● **Task prompt**: Begin with the line below holding "В организации концерта" and go on through the line holding "- Elevate your", duplicating each line exactly and leaving out pictures.

● **Provided entries**:
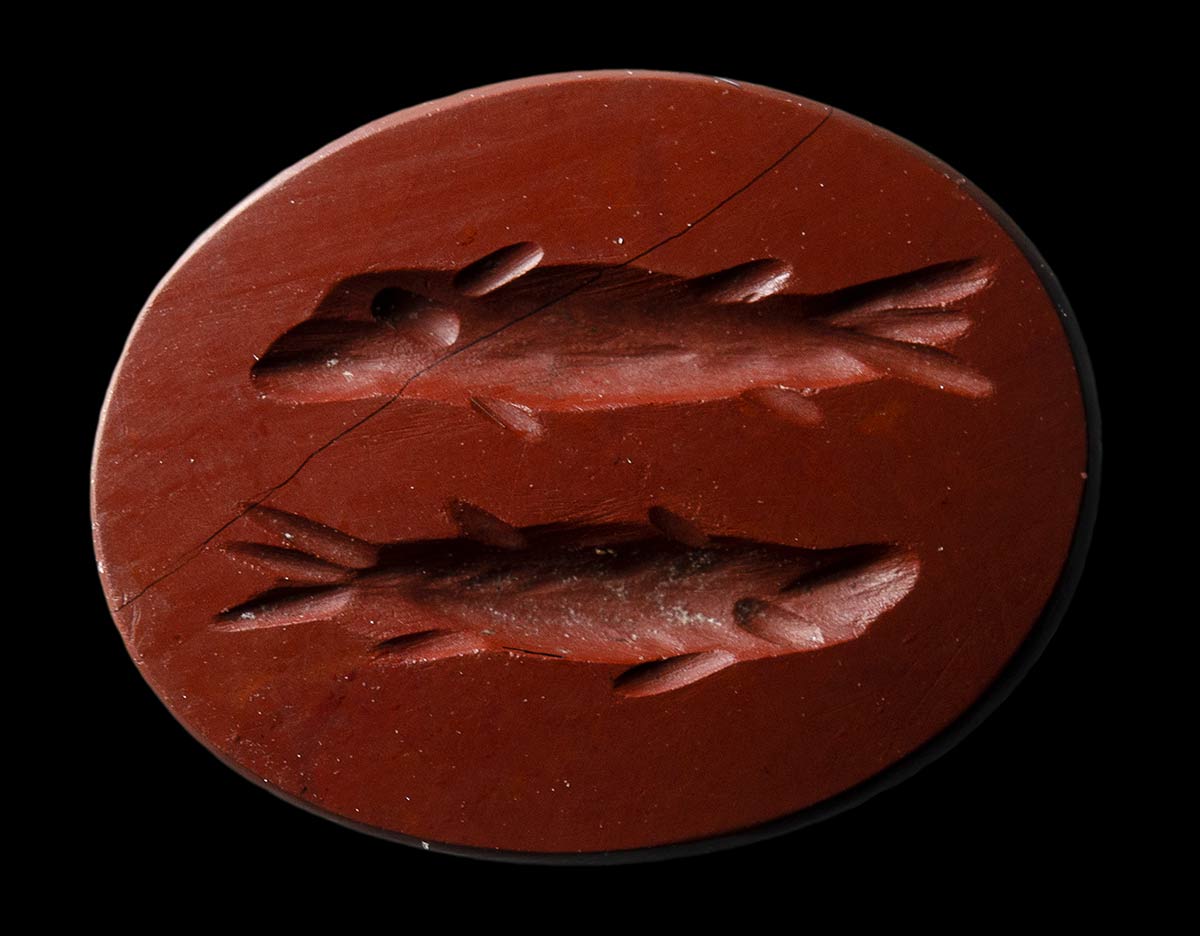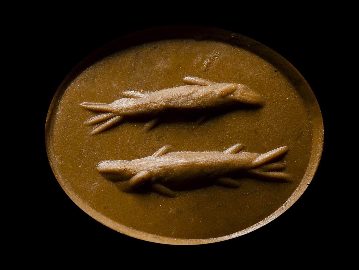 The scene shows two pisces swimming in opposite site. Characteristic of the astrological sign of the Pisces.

* * *

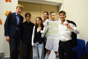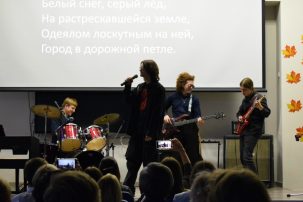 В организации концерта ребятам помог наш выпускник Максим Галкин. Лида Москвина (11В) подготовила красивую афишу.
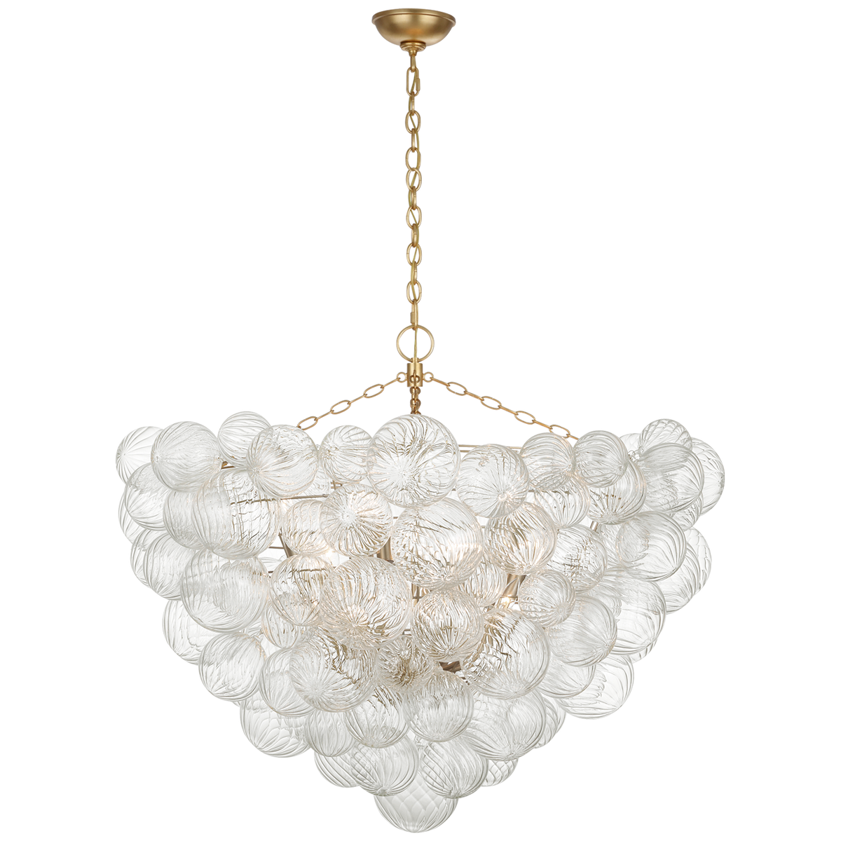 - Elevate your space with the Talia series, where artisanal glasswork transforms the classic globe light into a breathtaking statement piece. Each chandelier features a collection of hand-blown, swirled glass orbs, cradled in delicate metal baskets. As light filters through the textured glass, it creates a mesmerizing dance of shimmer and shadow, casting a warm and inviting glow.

● **Task result**:
 В организации концерта ребятам помог наш выпускник Максим Галкин. Лида Москвина (11В) подготовила красивую афишу.
 - Elevate your space with the Talia series, where artisanal glasswork transforms the classic globe light into a breathtaking statement piece. Each chandelier features a collection of hand-blown, swirled glass orbs, cradled in delicate metal baskets. As light filters through the textured glass, it creates a mesmerizing dance of shimmer and shadow, casting a warm and inviting glow.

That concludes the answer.